ASSIGNMENT. Pictures stay out of the output. Return exactly the lines below from the one with "Серьги из лимонного" down to the one with "Front Bumper Fit", both included, and nothing more.

Recorded data.
BEGIN

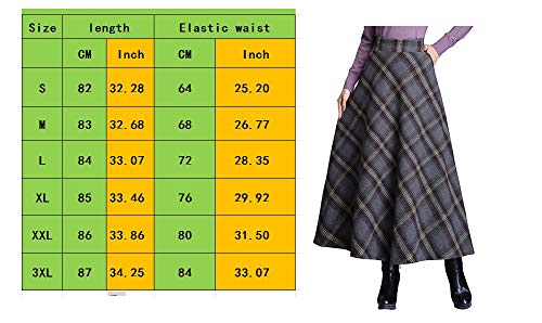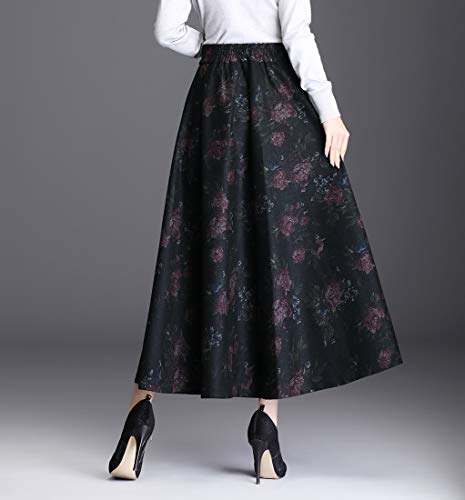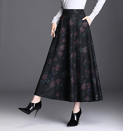 BiilyLi Donna Vintage Elegante Lana Lunga Gonna Stampata Vita Alta Inverno Autunno Caldo Maxi Gonne Vita Elastica Gonna ombrelloombrello (XXL/Vita Elastica:80cm, Colore 1130)
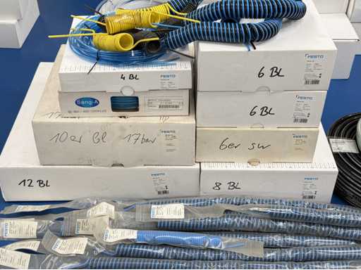 Assortiment pneumatische slangen in verschillende ontwerpen, diameters en maten, voornamelijk gemaakt door FESTO, zie foto's voor meer details
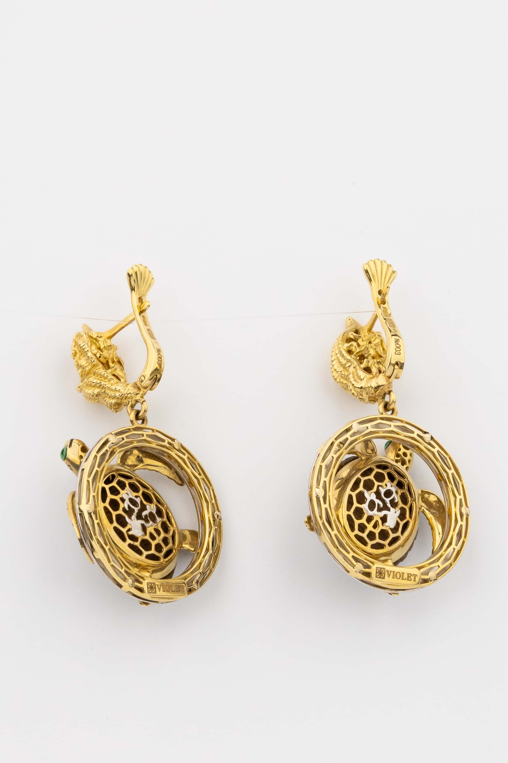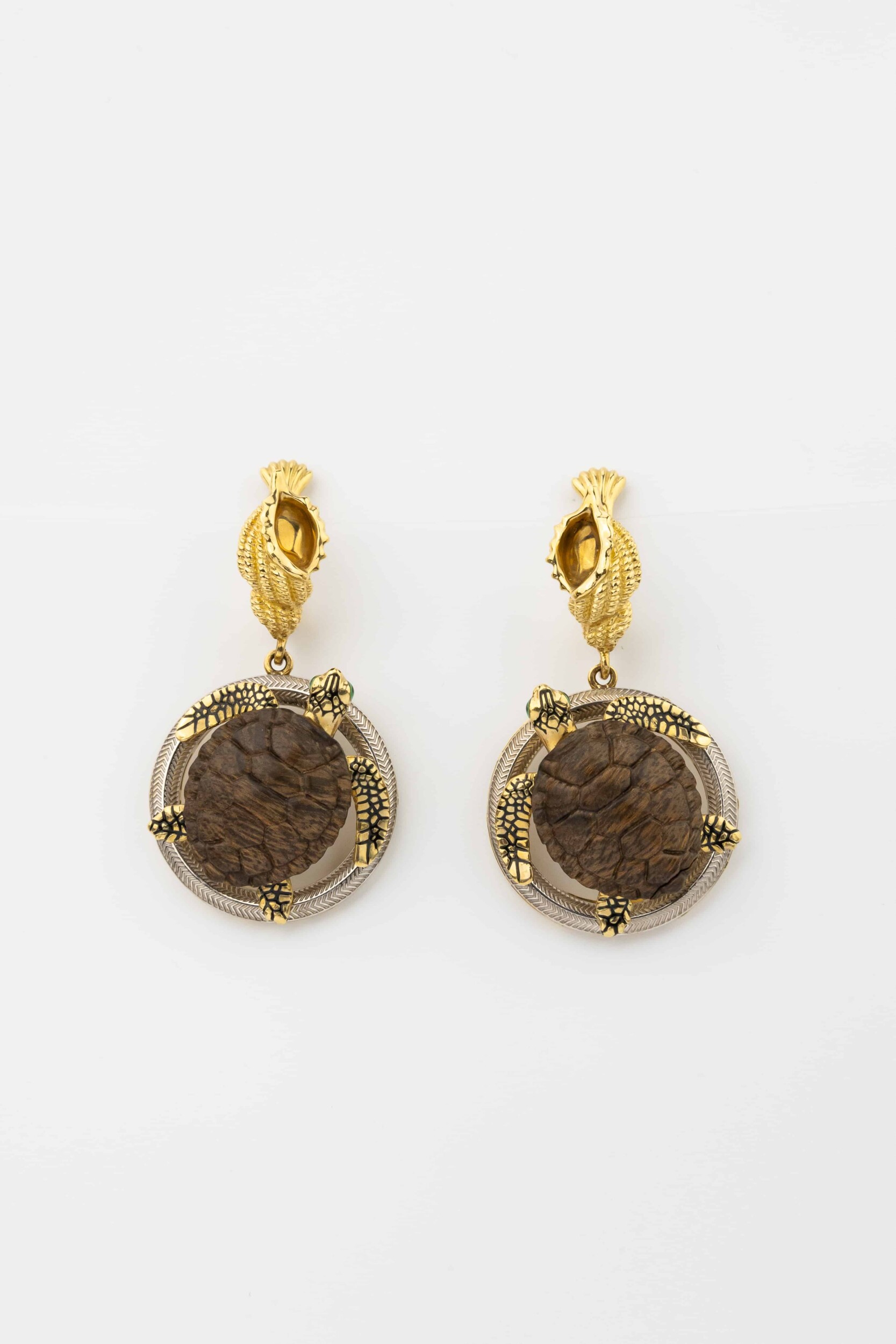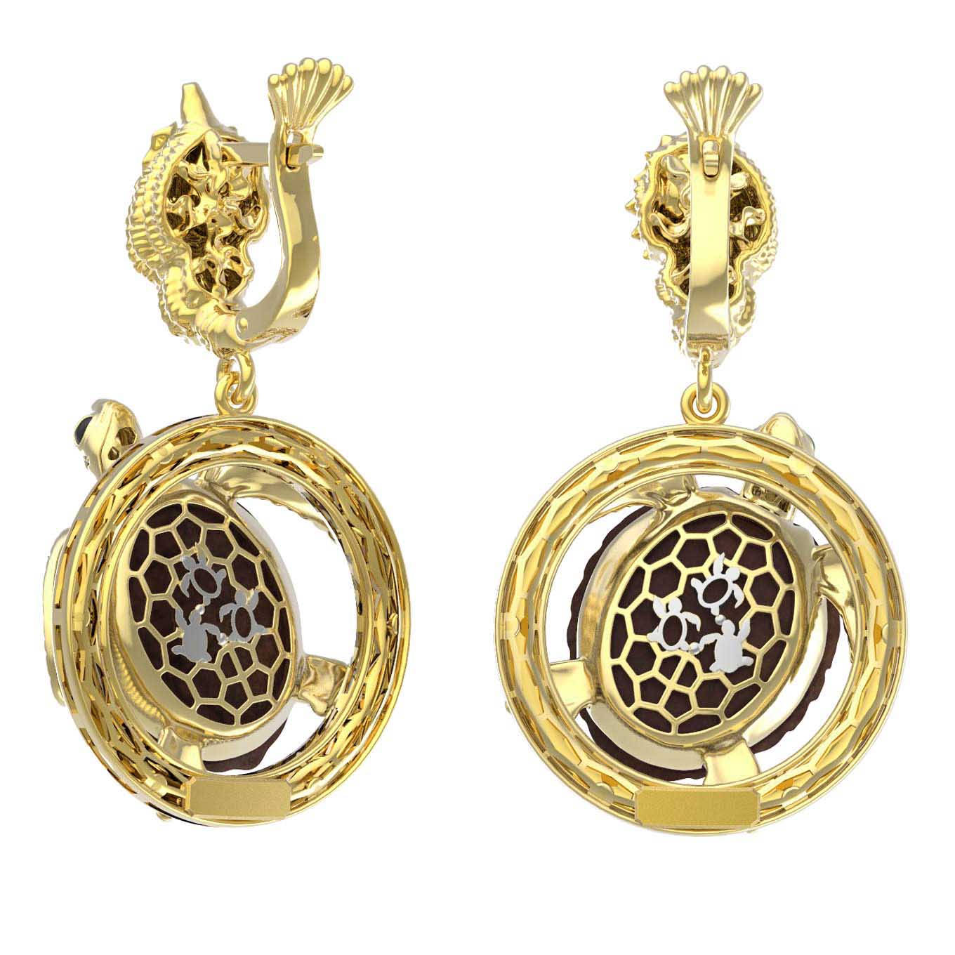 Серьги из лимонного золота c эмаль и железным деревом
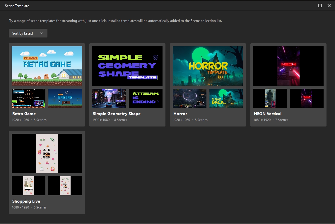 You can easily customize your live broadcast screen by using various scene templates, without having to configure separate scene settings. You can find the Scene Template icon in the tooltip on the right, or you can add a Scene Template from the Scene Set Management window.
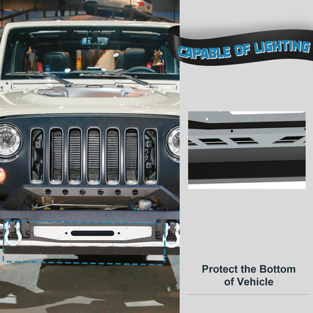 Front Bumper Fit for Jeep Wrangler JK JKU 2007-2018, DIY Painting Heavy Duty Steel Front Bumper w/Winch Plate Skid Plate 4 Lights 2 D-Rings
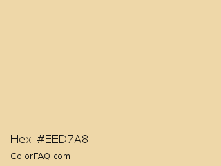 Hex #eed7a8 Color is a light orange color and the nearest color is Chamois #eddcb1. Hex code #eed7a8 and RGB value is rgb(238,215,168). In RGB color space, this color is composed of 93% red, 84% green, 66% blue, In CMYK color space, this color is composed of 0% cyan, 10% magenta, 29% yellow , 7% black , In HSL color space, this color has a hue angle of 40° , 67% saturation and 80% lightness.

END

OUTPUT.
 Серьги из лимонного золота c эмаль и железным деревом
 You can easily customize your live broadcast screen by using various scene templates, without having to configure separate scene settings. You can find the Scene Template icon in the tooltip on the right, or you can add a Scene Template from the Scene Set Management window.
 Front Bumper Fit for Jeep Wrangler JK JKU 2007-2018, DIY Painting Heavy Duty Steel Front Bumper w/Winch Plate Skid Plate 4 Lights 2 D-Rings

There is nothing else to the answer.